▶ **TASK DIRECTIONS**
Go to the line holding "9月11日(水) 3年生 大正琴での交流" in the data below and repeat it exactly, then each line after it up to and including the one holding "- 【Tape in Hair". Omit pictures.

▶ **INFORMATION SHOWN**
:::::

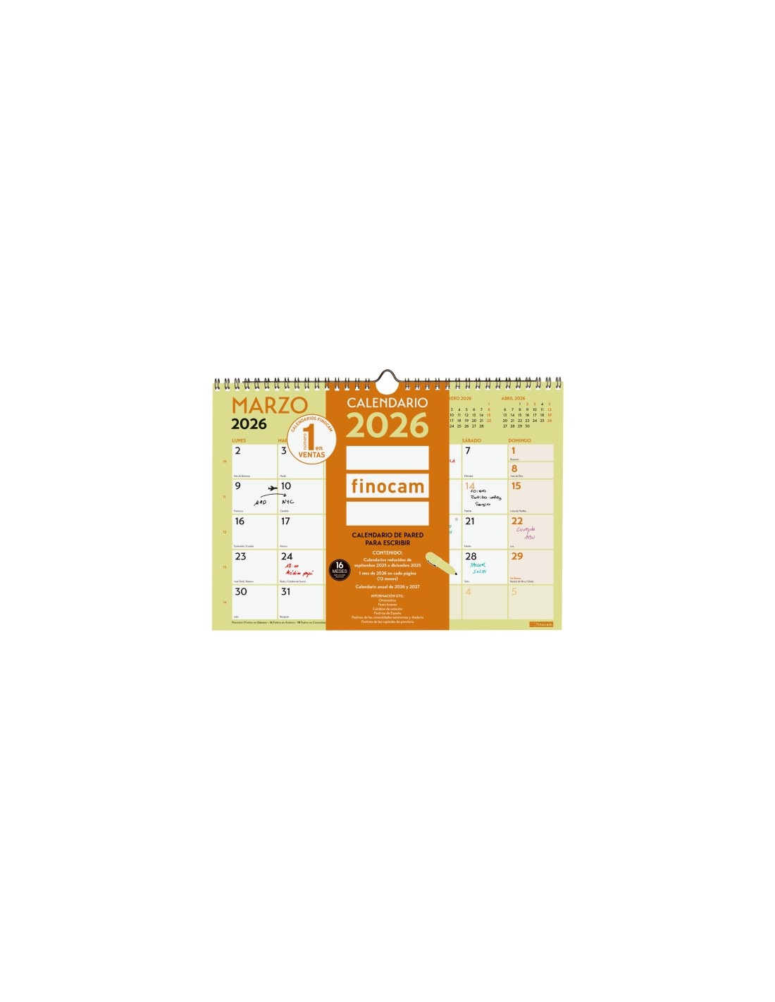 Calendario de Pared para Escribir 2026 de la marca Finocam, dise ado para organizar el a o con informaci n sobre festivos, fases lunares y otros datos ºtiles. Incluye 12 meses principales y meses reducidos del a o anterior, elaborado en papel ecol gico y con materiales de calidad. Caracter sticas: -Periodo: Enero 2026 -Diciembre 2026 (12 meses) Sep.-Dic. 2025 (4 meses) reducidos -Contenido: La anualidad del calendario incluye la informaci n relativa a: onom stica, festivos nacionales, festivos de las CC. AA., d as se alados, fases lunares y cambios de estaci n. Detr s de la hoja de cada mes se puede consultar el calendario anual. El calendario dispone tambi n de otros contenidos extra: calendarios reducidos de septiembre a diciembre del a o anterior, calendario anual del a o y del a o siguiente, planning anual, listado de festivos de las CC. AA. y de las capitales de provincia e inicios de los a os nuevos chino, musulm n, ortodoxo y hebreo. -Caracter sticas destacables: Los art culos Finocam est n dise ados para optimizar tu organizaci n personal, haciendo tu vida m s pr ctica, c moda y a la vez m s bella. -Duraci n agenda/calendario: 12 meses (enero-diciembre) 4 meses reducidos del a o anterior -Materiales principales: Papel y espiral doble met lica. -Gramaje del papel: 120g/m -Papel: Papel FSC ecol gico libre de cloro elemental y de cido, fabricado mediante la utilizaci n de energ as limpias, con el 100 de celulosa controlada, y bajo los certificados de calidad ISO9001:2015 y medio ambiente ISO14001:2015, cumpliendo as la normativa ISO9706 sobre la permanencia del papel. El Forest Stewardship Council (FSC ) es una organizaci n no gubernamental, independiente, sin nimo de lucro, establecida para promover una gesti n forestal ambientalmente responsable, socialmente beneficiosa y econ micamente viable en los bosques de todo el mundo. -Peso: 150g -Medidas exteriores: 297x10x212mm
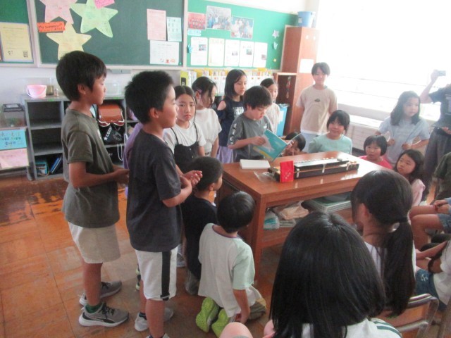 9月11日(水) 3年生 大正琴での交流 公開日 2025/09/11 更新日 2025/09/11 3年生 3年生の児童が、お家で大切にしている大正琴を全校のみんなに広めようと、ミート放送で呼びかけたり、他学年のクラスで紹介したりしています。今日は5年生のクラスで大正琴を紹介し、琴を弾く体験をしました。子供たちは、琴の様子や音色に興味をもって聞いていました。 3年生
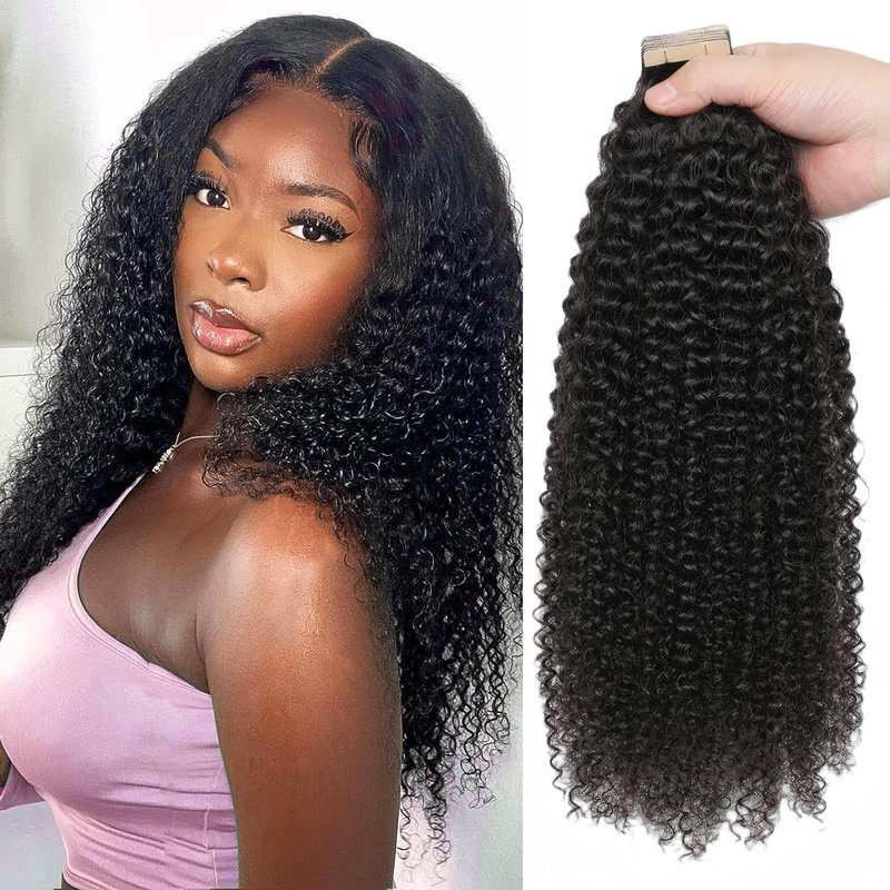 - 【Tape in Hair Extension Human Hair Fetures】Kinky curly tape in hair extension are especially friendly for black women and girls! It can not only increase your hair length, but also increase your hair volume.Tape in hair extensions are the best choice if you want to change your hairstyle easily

:::::

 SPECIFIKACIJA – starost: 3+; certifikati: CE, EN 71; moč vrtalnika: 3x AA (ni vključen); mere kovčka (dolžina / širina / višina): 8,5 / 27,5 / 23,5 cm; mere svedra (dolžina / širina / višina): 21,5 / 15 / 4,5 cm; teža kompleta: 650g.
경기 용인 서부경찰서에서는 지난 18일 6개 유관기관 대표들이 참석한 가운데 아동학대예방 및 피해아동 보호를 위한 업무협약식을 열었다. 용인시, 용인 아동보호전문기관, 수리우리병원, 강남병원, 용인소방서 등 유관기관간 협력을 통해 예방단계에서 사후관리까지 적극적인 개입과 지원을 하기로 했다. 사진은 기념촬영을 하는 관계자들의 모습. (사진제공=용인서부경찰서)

:::::

▶ **RESPONSE FOR THIS EXERCISE**
 9月11日(水) 3年生 大正琴での交流 公開日 2025/09/11 更新日 2025/09/11 3年生 3年生の児童が、お家で大切にしている大正琴を全校のみんなに広めようと、ミート放送で呼びかけたり、他学年のクラスで紹介したりしています。今日は5年生のクラスで大正琴を紹介し、琴を弾く体験をしました。子供たちは、琴の様子や音色に興味をもって聞いていました。 3年生
 - 【Tape in Hair Extension Human Hair Fetures】Kinky curly tape in hair extension are especially friendly for black women and girls! It can not only increase your hair length, but also increase your hair volume.Tape in hair extensions are the best choice if you want to change your hairstyle easily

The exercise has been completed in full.